Although my life is much less hectic than it was a year ago, I still seem to have every hour filled. The only reason I’m writing this now is because I’m waiting for someone to show up for a meeting. I think that’s not going to happen and I have another meeting in 1/2 hour. Yesterday, I had exactly 2.5 non-meeting work hours. Today, I only have 2 hours. When I get home, I collapse. My TMJ is back again after being pretty much fine for months. It was still there, but not painful. Now it’s painful again. It hurts to eat.
In addition to having little time at work to do actual work, I have work-related, but not exactly work specific deadlines looming. These are good things–articles, book chapters, presentations–all related to my work, but which I have no time to work on at work. Those non-meeting work hours get eaten up with email and phone calls and people stopping by to ask questions. I’m unsure if any amount of extra efficiency would really help me here. I just need more hours in a day.

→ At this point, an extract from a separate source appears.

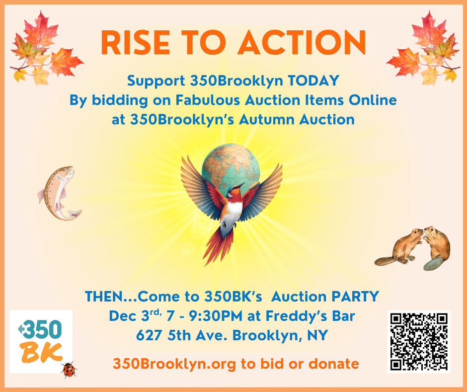 Join us on December 3rd from 7 - 9:30 PM at Freddy's Bar in Park Slope for our End of Year Auction PARTY. Place your final bids, eat, drink and sing with all your 350 Brooklyn activist buddies! RSVP HERE. Most of the items will be at the party for you to pick up if you are the winning bidder, but you do not have to be present to win.

Tomorrow after work, I’m going to have a massage. I don’t feel that stressed despite the work load, but I know that’s why the TMJ has returned. I just can’t seem to relax on my own. No amount of deep breathing or bad reality tv is helping. I need someone else to help me let go.
The kind of frustrating thing about all of this is I’m in a moment where I don’t feel like I’m accomplishing anything. I feel like I’m spinning my wheels instead of moving forward and that’s driving me crazy. I have motivation, but no momentum. I just wish I could feel like I was on top of everything, just for a little while.